The conference was a whole bunch of people that I didn't know. And I heard all these people talking about their life and I remember Domenic Rossi standing up there saying, "We need to get things together; we need people's life changed. It's time to do and not talk about it -- let's do it." And Luann Carter was running the conference; she was the founder of Speaking For Ourselves. They started out real small. They had a small little group -- it was just Mark -Mark Friedman has been advisor to the board of Speaking For Ourselves since its inception. -- K.W.- and some other people -- and it grew and grew -- started in Montgomery County, then Bucks, Delaware, and Philadelphia, and Chester.

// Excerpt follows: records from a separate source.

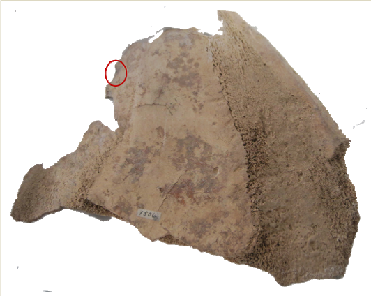 圖2《庫》1506背面。紅圈處為有灼痕的半個鑿眼。
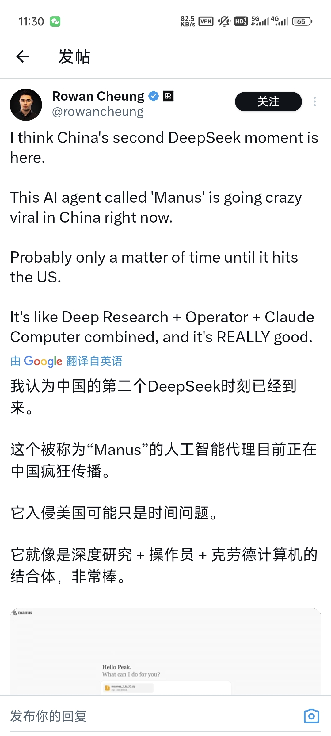 $蓝色光标(SZ300058)$ Manus王者归来,AI领域大佬盛赞Manus,外网逐步发酵,黑子闭嘴吧。
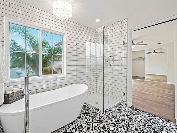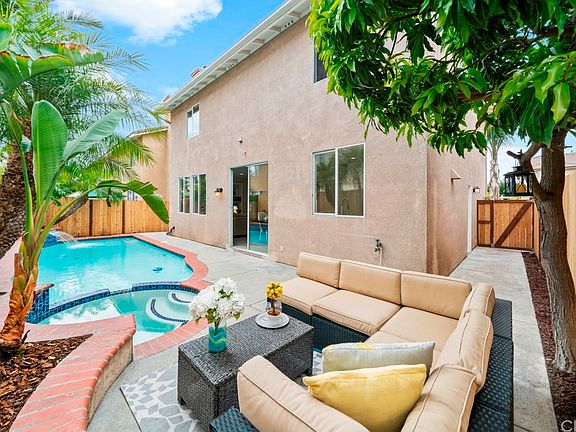 Completely remodeled and absolutely gorgeous single family home with sparkling pool & spa. A perfect home for when you need to shelter in place or for when you are ready to finally entertain friends and family. Beautiful curb appeal with mature palm trees greet you upon arrival. Once inside you'll enjoy the spacious, sun-filled open floor plan with brand new distressed wood-look floors, neutral tone walls and high ceilings. A cozy remodeled fireplace in the living room lends an air of contented charm. The incredible all white kitchen with brand new shaker cabinets, quartz countertops, stainless steel appliances and subway tiles opens to the dinning and living room area. Enjoy your hot summer days in the beautiful backyard with pool, spa and mature palm trees surrounded by brand new wood fences. Ascend to the second floor and enter the spacious master bedroom with a huge walk-in closet and a completely remodeled en-suite master bath featuring a sliding barn door, duel sink vanity and a soak-in roman tub with a separate walk-in shower. The remodeled secondary bathrooms are equally elegant and beautiful. Enjoy the convenience of a separate laundry room on the 2nd floor. Other features of this incredible home include an oversized attached 2-car garage, brand new paint, lighting & pluming fixtures and much more. Situated near excellent schools, parks and trails. Minutes from freeways and renowned shopping/restaurants. Please see be sure to watch virtual 3D and video.
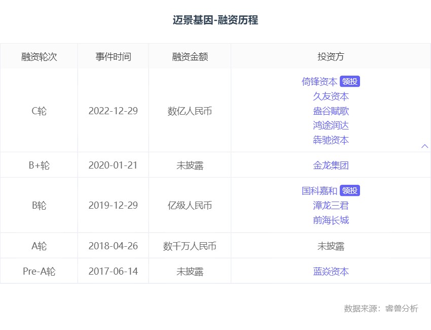 近日,广州迈景基因医学科技有限公司(后称“迈景基因”)宣布完成数亿元C轮融资。本轮融资由倚峰资本领投,盎谷赋歌、久友资本、犇驰资本、鸿途润达跟投。所募集的资金将用于研发投入与IVD产品注册。
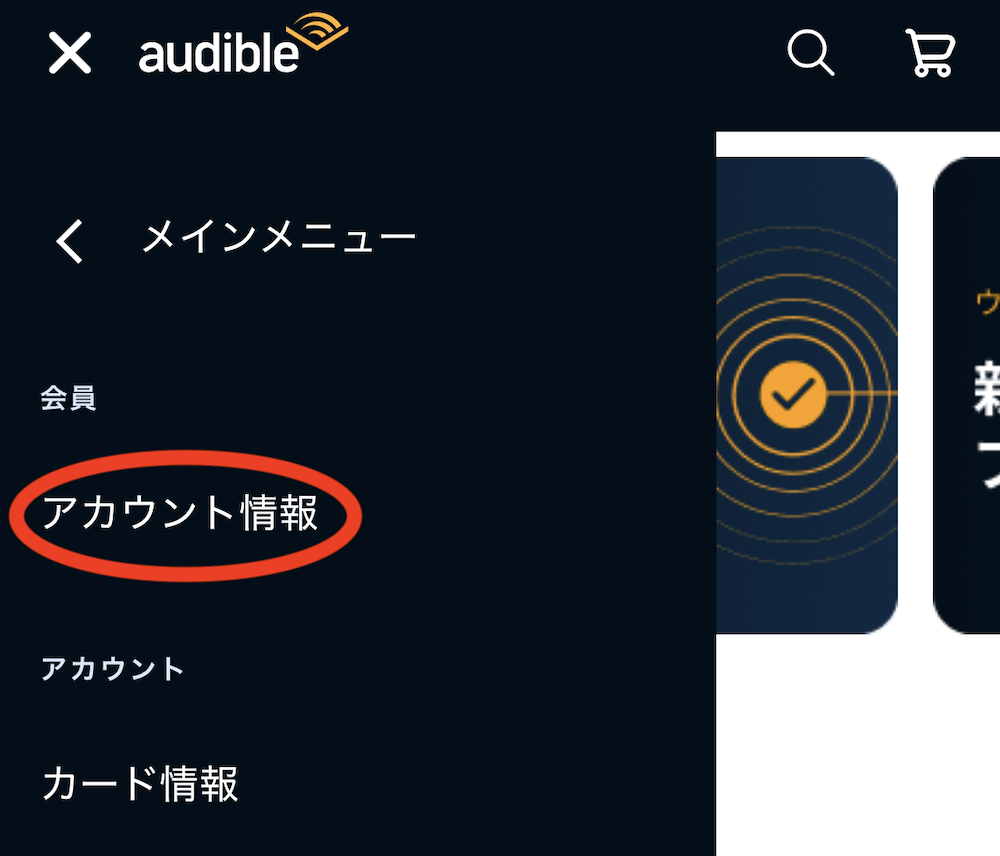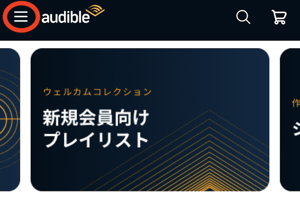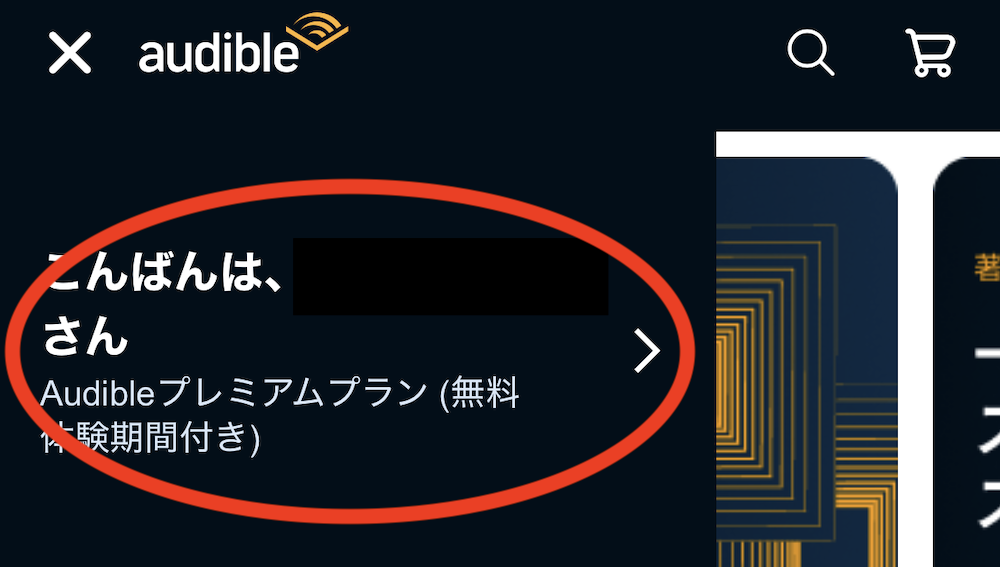 Audibleの公式サイトから移動する場合、メインメニューを開いて名前をクリックする。
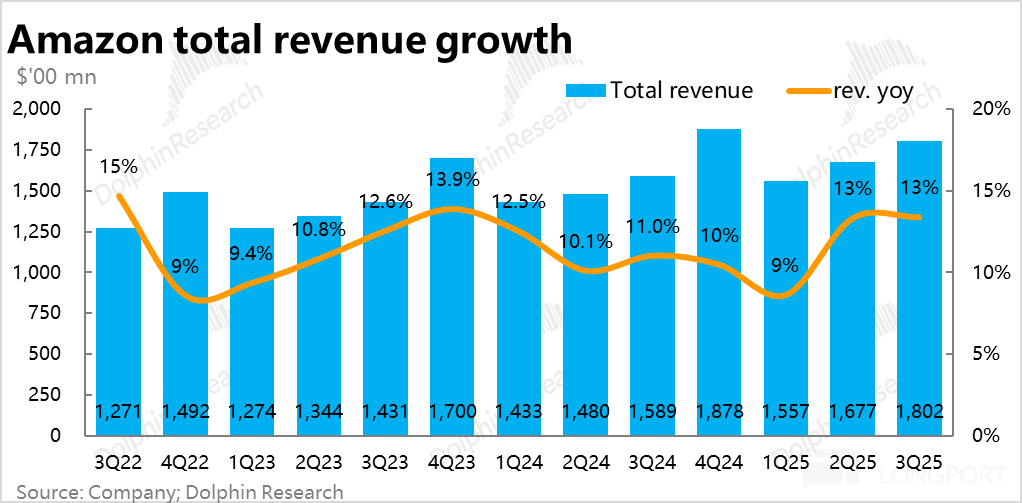 合计所有业务,在 AWS 超预期提升增长,以及电商板块也稳健增长的带动下,亚马逊本季整体收入 1802 亿,同比增长 13.4%,环比略微提速 0.1pct,也跑赢市场预期的 1778 亿。
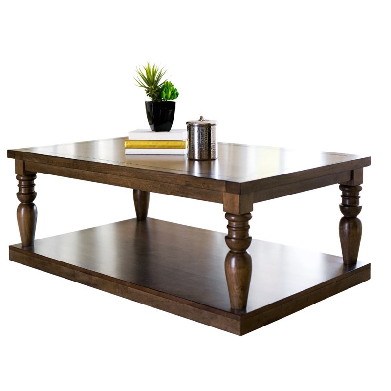 | Abbyson Living - Coffee Tables - RK4331100 - Farmhouse style can be yours with this weathered oak coffee table. Sturdy rubberwood table features spindle legs and hand carved detail on table top. Full suite of coordinating pieces also available. Finish: Weathered OakMaterials: Solid Rubberwood ConstructionDetailed hand carved curvaturesSpecifications:Overall Product Dimensions: 19 H x 50 W x 30 DProduct Weight: 84 lbs
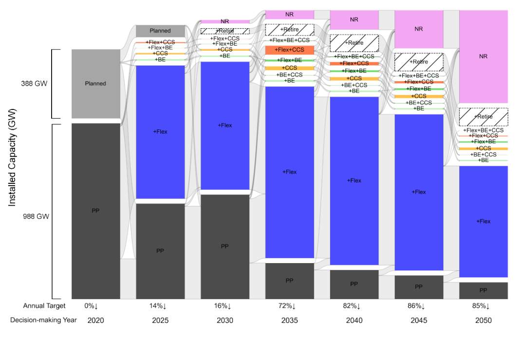 在巴黎协定提出的1.5℃温控目标框架下,全球燃煤电厂排放需要快速下降。然而,中国和印度等发展中国家燃煤电厂的装机容量和数量非常庞大且多为近年来新建,强制退役这些燃煤电厂可能会导致巨额资产搁浅。除了强制退役外,燃煤电厂还可通过生物质掺烧、碳捕获与封存、基于灵活性改造降低发电小时数等改造策略减少排放,或是通过生物质掺烧耦合碳捕获与封存实现负碳排放。而采用过于单一减排策略(如:强制退役)和不合理的碳减排路径则可能会抬高煤电转型成本。
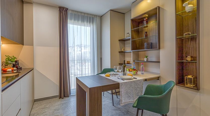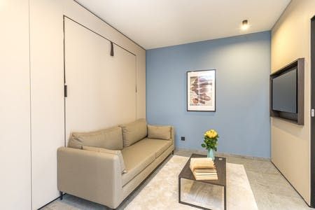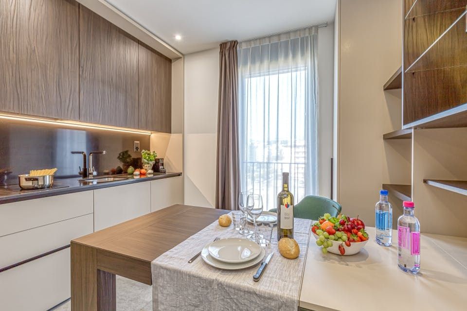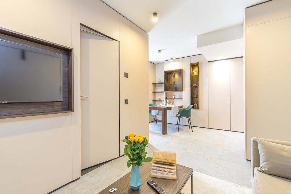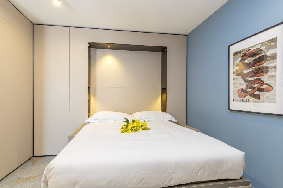 A twenty-minute stroll from the shores of Lake Lugano, this swish little apartment is perfect for a couple or solo traveller. The living area is set around an L-shape, so the dine-in kitchen feels separate from the sleeping quarters, despite it being a studio. Trinkets and object d’art on glass shelves add a touch of character. Come bedtime, a murphy bed transforms the living room into a bedroom. Within the building, you’ve got access to a gym, lounges and a communal working space.
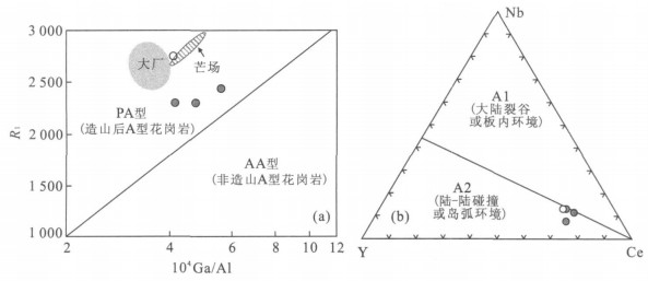 Fig. 4. A-type granite discrimination diagram of Kunlunguan intrusion
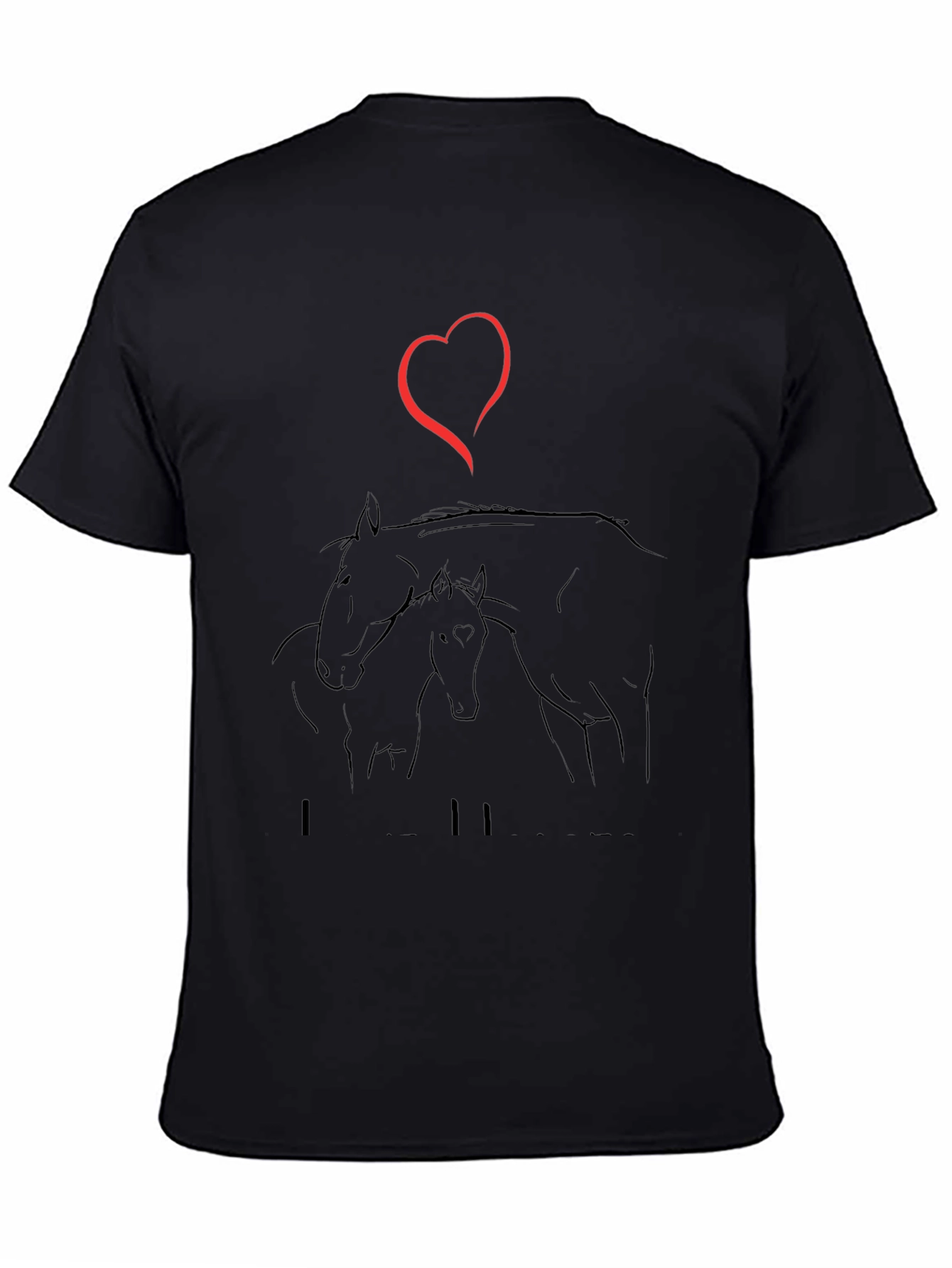 Show your love for horses with this stylish black t-shirt. Featuring a unique design with a heart above a horse and foal, this tee is perfect for any horse lover. Made from a comfortable and breathable fabric, it's ideal for everyday wear. The classic fit makes it a versatile addition to your wardrobe. Whether you're heading to the barn or out on the town, this t-shirt lets you express your passion for horses in style. A great gift for horse enthusiasts of all ages.

That very first conference I was wearing jeans. I was working and I had these dirty old jeans on; they wasn't dirty, but they had spots; I was scrubbing the floor and I was stripping the wax off the floor, the old wax, and putting down fresh wax. I had my work shoes on. And Mark says, "Who's that guy back there? Who's that guy back there, standing up?" I just stood up in the back and said, "We have to make some changes!" in front of a whole lot of people. I was always talking about it, 'bout getting things changed, mak-ing things more better for the clients. Wasn't for me. Was for all the people that have disabilities. I was just thinking about it. And nobody told me to say. I just was thinking about it -- the system needs to be changed. So I just stood up in the back and said, "It should be changed. We're tired of the old system. We're tired of the system that we have now. We need to make things change, to make things happen." And that's when I first met Mark Friedman.